I found new hope there. Some kind of community. And quite soon a chance to lead prayers, to preach again, to begin the journey towards becoming a licensed Anglican preacher or reader or even maybe to be ordained.
My evangelicalism began to die there though and I felt a deep sense of guilt. If Jesus is the only way how could I question the need for the world to follow him? What kind of hateful being was I? Matthew Fox broke through, philosophy broke through, a few other things broke through. And I couldn’t cope with it, at least not for a while. I put my foot down and decided that I had to become more evangelical. More pure. I listened to sermons, long sermons, by people including some I would now call hate preachers because that’s what they are. Of course they didn’t satisfy me. When cracks are hammered into fundamentalism light inevitably gets in.
After coming out there was more light. Initially there was some pain too as a week after the Anglican diocese promised to give me their full support as a transgender woman I was banned from preaching or leading anything. The pastor of the church I sought out trying to save my evangelicalism decided I was an abomination. I never went back. Another church tried to ban me from even setting foot on the premises because I was transgender.
There was more light though. More space too. I found support and community especially in three places. Metropolitan Community Church, a church originally founded as a safe place for queer people to be Christian and accepted. There’s a wide variety of Christians there from evangelical to ultra-liberal and that’s a good thing. MCC gave space to explore in acceptance and love and when the time came it was a safe place to “lose my faith.” Since leaving the church I’ve recommended it to quite a few people who want to worship without fear of hate. I found safety and space too in the local Quaker community and for a while with the Unitarians. I decided that neither of those places was where I was meant to stay but I am full of gratitude for the time spent in both of those groups.
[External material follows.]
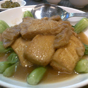 Braised Tofu with Tau Kan served with blanched Bak Choy
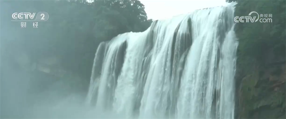 贵州台记者 龙静宜:现在黄果树瀑布的水量非常充足,也是受到了持续降雨和上游来水的影响,倾泻而下的瀑布水势非常浩大,升腾而起的水汽,我现在离它100多米都能够感觉到水汽在我身旁弥漫。

I did lose my faith. From strong theism and necessity to non-theism to atheism. I’ve written at length about the process in theological and emotional terms and don’t want to write about it again now. Somewhere on another blog there are multiple posts about realising and coming to terms with just how much pain my religion and faith had caused.
They say there is a God shaped hole at the centre of each one of us. I don’t believe that. What I do believe is that leaving a religion leaves a massive hole. Religion fulfils many of our psychological needs. Religion gives us many things and it still gives them even when almost every belief of the religion is false or abusive. The emotional tie to a way of faith can be much stronger than reason too. That tie becomes almost our everything. Leaving it behind is difficult, potentially one of the hardest things anyone does. We do it though. Thousands, millions have left religions, controlling groups, cults. We do it because we can do it. Because we are human and that’s an incredible thing to be.
We leave. And before, during or afterwards most of us ask the same question:
Where do we go now? Where is meaning?